### Your task:
Reproduce nothing but the lines from the start of the material through the line that includes "Byłem zaskoczony, gdy", both ends included, and omit every picture.
[Data under study Boundary: Start]
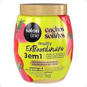 Creme 3 em 1 Multy Extraordinário Morango e Óleo de MacadâmiaO Creme de Tratamento 3 em 1 intenso, é super condicionador e creme para pentear. Ele proporciona tratamento nutritivo reparador intensivo da raiz às pontas e definição com efeito volumoso. Além de sedosidade e ação antifrizz. Ideal para cabelos cacheados e crespos desidratados e sem volume. Para + de 12 anos. Fragrância frutal. Não testado em animais. Vegano..Principais AtivosExtrato de morango: aliado da hidratação dos cabelos, proporciona fios macios e brilhosos.Óleo de macadâmia: proporciona brilho intenso e maciez.Queratina vegetal: restaura e hidrata, auxiliando na reconstrução dos fios.Ceramidas vegetais: Fortalece e protege os fios, retendo a hidratação e promovendo um cabelo mais saudável e resistente..Modo de UsoCreme de tratamento: Com os cabelos limpos e úmidos, aplique o produto mecha a mecha, enluvando os fios da raiz até as pontas. Deixe agir por 5 minutos e enxágue bem.Condicionador: Com os cabelos limpos e úmidos, aplique o produto massageando os fios do comprimento até as pontas. Enxágue bem.Creme para pentear: Com os cabelos limpos e úmidos, aplique o produto mecha a mecha, uniformemente, no comprimento e nas pontas. Desembarace os fios com um pente de dentes largos e amasse-os iniciando movimento das pontas até à raiz. A aplicação ideal dependerá da quantidade e do comprimento dos fios. NÃO ENXÁGUE. Ean: 7908458326228
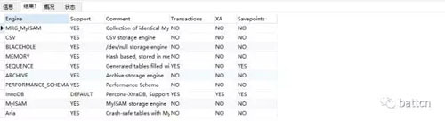命令來查看MySQL使用的引擎,命令的輸出為(我用的Navicat Premium):
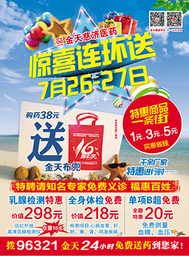 夏凉礼四:金天义诊,给你健康!单项B超、航天量子免费测。全身B超特惠20元!价值298元乳腺检测特惠10元:
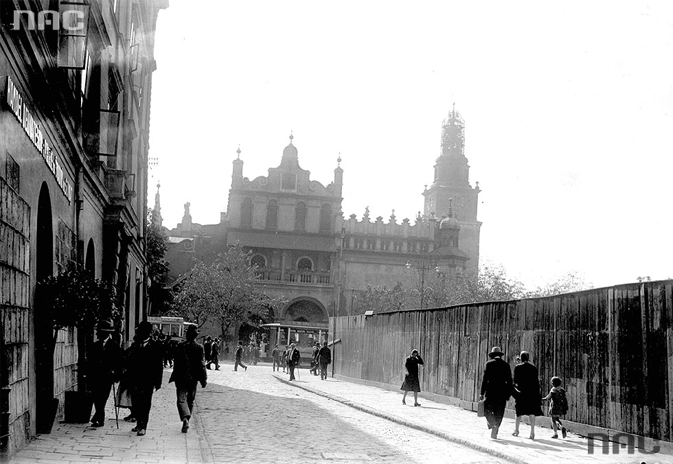 Byłem zaskoczony, gdy zobaczyłem to archiwalne zdjęcie, bo myślałem, że wszystkie kamienice przy Rynku Głównym mają raczej więcej niż 80 lat. Moja intuicja nie była całkiem błędna, ponieważ w miejscu, w którym na archiwalnym zdjęciu jest pustka znajdowały się wcześniej aż trzy kamienice, które wyburzono w 1914 roku.
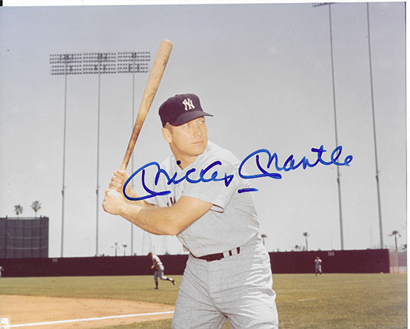 MANTLE, Mickey (1931-1995). American professional baseball player. Played his entire career with the New York Yankees (1951-1968). Was the greatest power and switch hitter in baseball history. Inducted into the Baseball Hall of Fame in 1974. Fantastic (uncommon portrait) Copyright, T.V. Sports Mailbag, of Mantle ready to swing his bat with a beautiful signature nearly six inches long. In mint condition..................$275.00 |
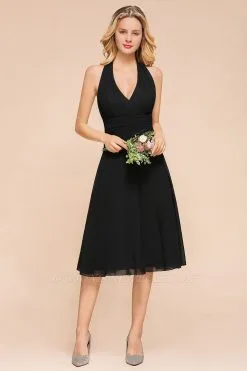 Chiffon A-Line Halter Sleeveless Short Bridesmaid Dress With Ruffles
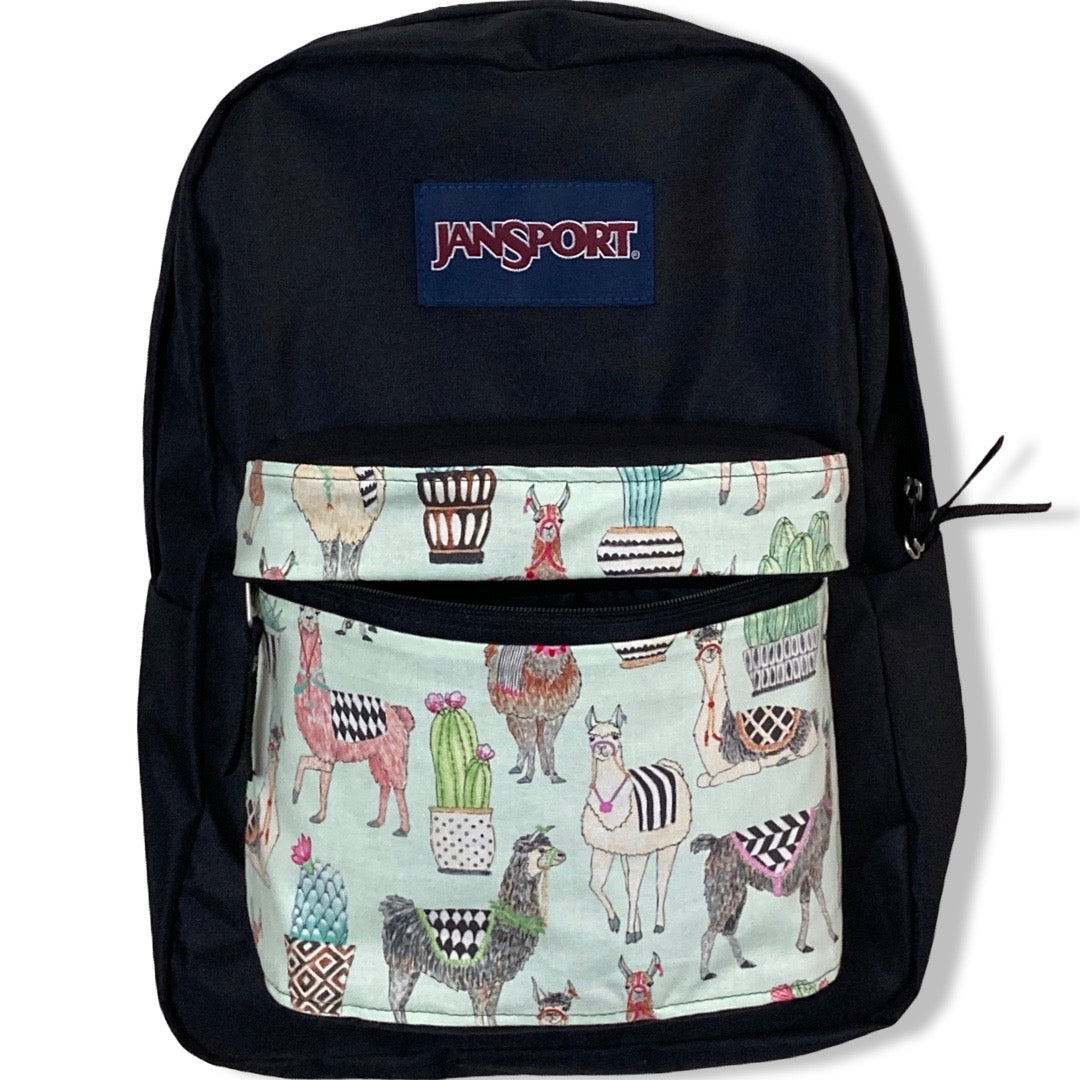 Patchality Tailors will start with a brand new JanSport SuperBreak backpack, then patch your selected fabric to the front pouch and both inside liners.
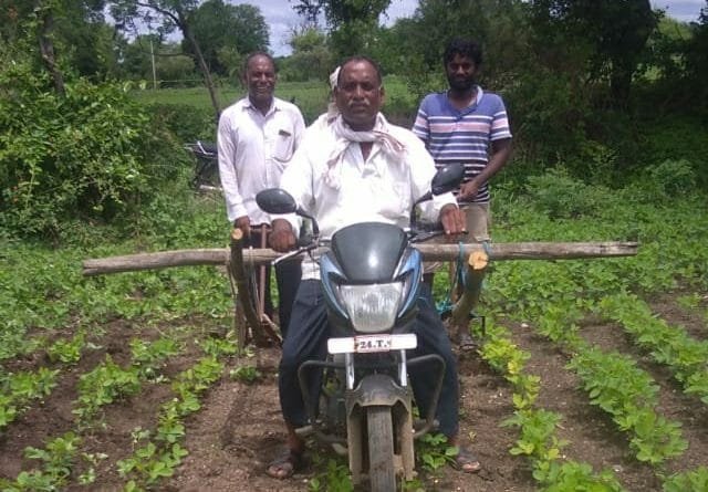 बैल नसल्याने शेतकर्याने दुचाकीला जोडले कोळपे
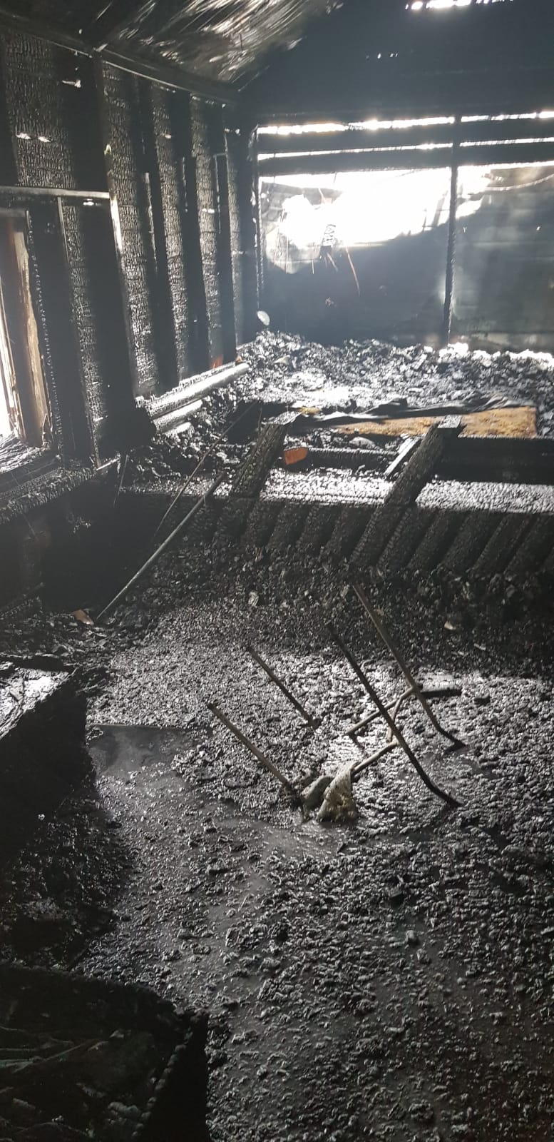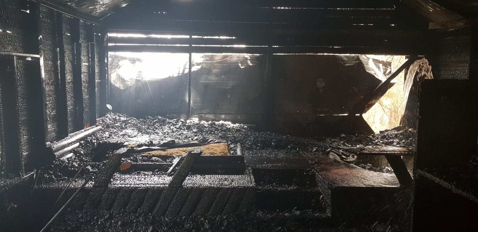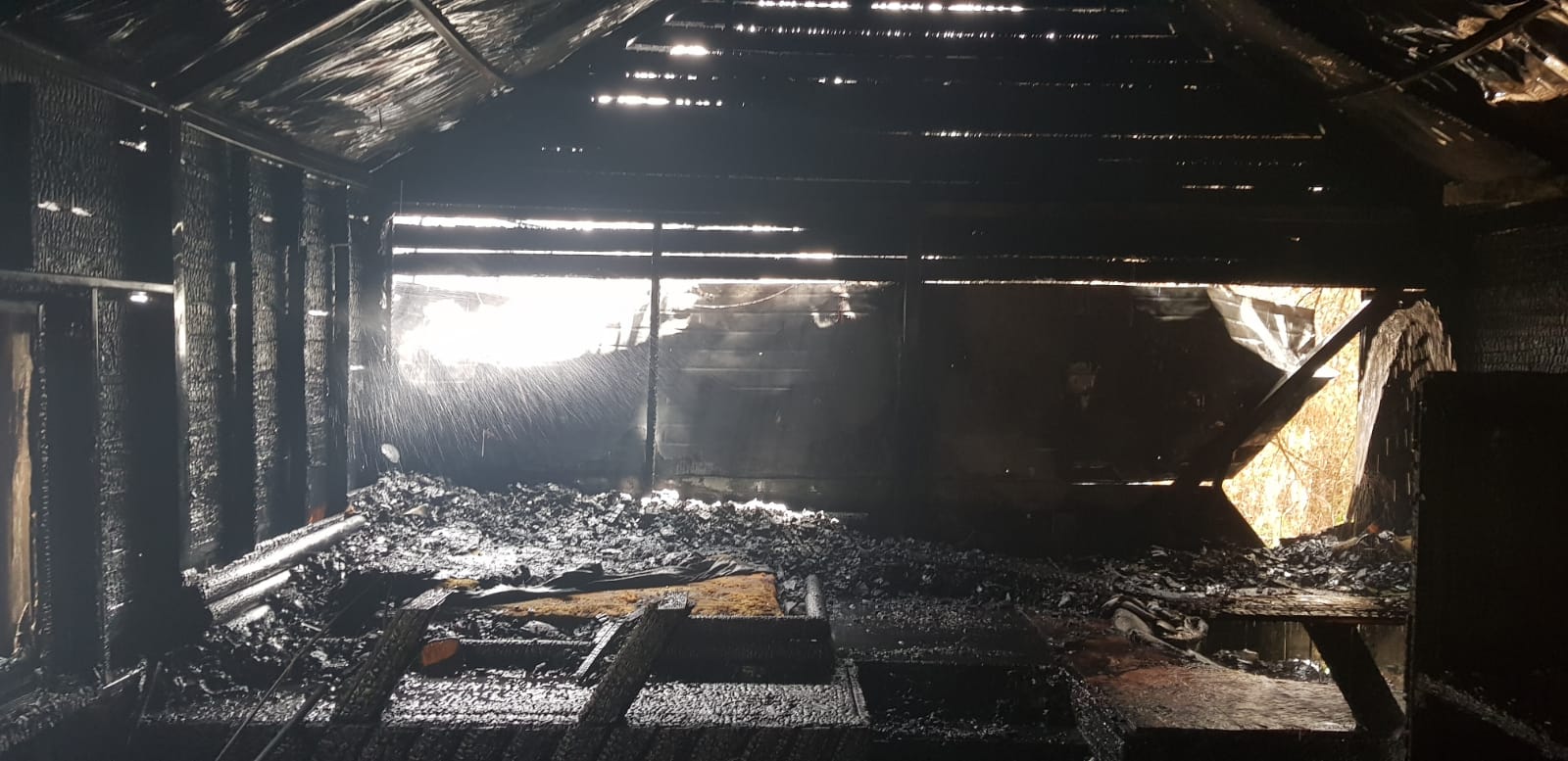 דיווח אודות צימר שנשרף כליל במושב חצבה כוחות כבאות במקום
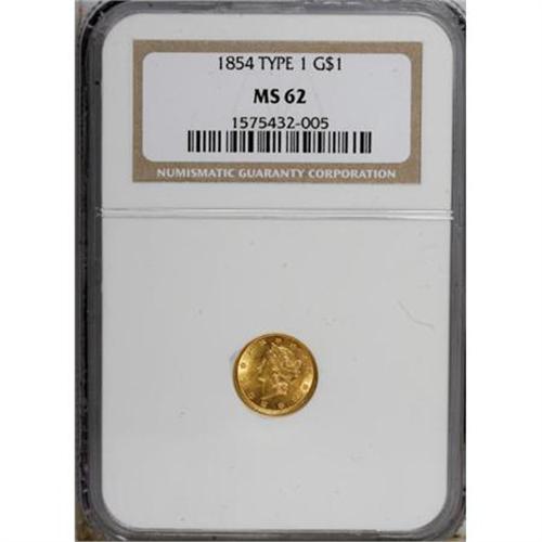 <B>1854 G$1 Type One MS62 NGC.</B></I> NGC Census: (970/738). PCGS Population (419/461). Mintage: 855,502. Numismedia Wsl. Price for NGC/PCGS coin in MS62: $325. (#7525)<BR><BR><B>Coin Engraver:</B> James B. Longacre<BR><BR><b>Shipping:</b> Coins & Currency (<a target="_blank" href="http://www.heritageauctions.com/common/shipping.php">view shipping information</a>)
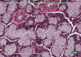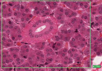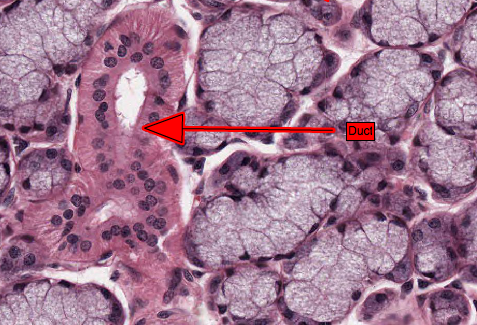 A darker staining duct of the sublingual salivary gland with simple cuboidal epithelium
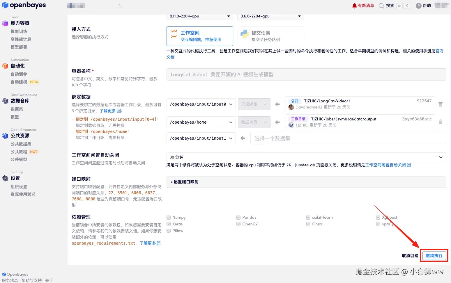 在当前页面中看到的算力资源均可以在平台一键选择使用。平台会默认选配好原教程所使用的算力资源、镜像版本,不需要再进行手动选择。点击「继续执行」,等待分配资源。
[Data under study Boundary: End]
### Answer for this exercise:
 Creme 3 em 1 Multy Extraordinário Morango e Óleo de MacadâmiaO Creme de Tratamento 3 em 1 intenso, é super condicionador e creme para pentear. Ele proporciona tratamento nutritivo reparador intensivo da raiz às pontas e definição com efeito volumoso. Além de sedosidade e ação antifrizz. Ideal para cabelos cacheados e crespos desidratados e sem volume. Para + de 12 anos. Fragrância frutal. Não testado em animais. Vegano..Principais AtivosExtrato de morango: aliado da hidratação dos cabelos, proporciona fios macios e brilhosos.Óleo de macadâmia: proporciona brilho intenso e maciez.Queratina vegetal: restaura e hidrata, auxiliando na reconstrução dos fios.Ceramidas vegetais: Fortalece e protege os fios, retendo a hidratação e promovendo um cabelo mais saudável e resistente..Modo de UsoCreme de tratamento: Com os cabelos limpos e úmidos, aplique o produto mecha a mecha, enluvando os fios da raiz até as pontas. Deixe agir por 5 minutos e enxágue bem.Condicionador: Com os cabelos limpos e úmidos, aplique o produto massageando os fios do comprimento até as pontas. Enxágue bem.Creme para pentear: Com os cabelos limpos e úmidos, aplique o produto mecha a mecha, uniformemente, no comprimento e nas pontas. Desembarace os fios com um pente de dentes largos e amasse-os iniciando movimento das pontas até à raiz. A aplicação ideal dependerá da quantidade e do comprimento dos fios. NÃO ENXÁGUE. Ean: 7908458326228
命令來查看MySQL使用的引擎,命令的輸出為(我用的Navicat Premium):
 夏凉礼四:金天义诊,给你健康!单项B超、航天量子免费测。全身B超特惠20元!价值298元乳腺检测特惠10元:
 Byłem zaskoczony, gdy zobaczyłem to archiwalne zdjęcie, bo myślałem, że wszystkie kamienice przy Rynku Głównym mają raczej więcej niż 80 lat. Moja intuicja nie była całkiem błędna, ponieważ w miejscu, w którym na archiwalnym zdjęciu jest pustka znajdowały się wcześniej aż trzy kamienice, które wyburzono w 1914 roku.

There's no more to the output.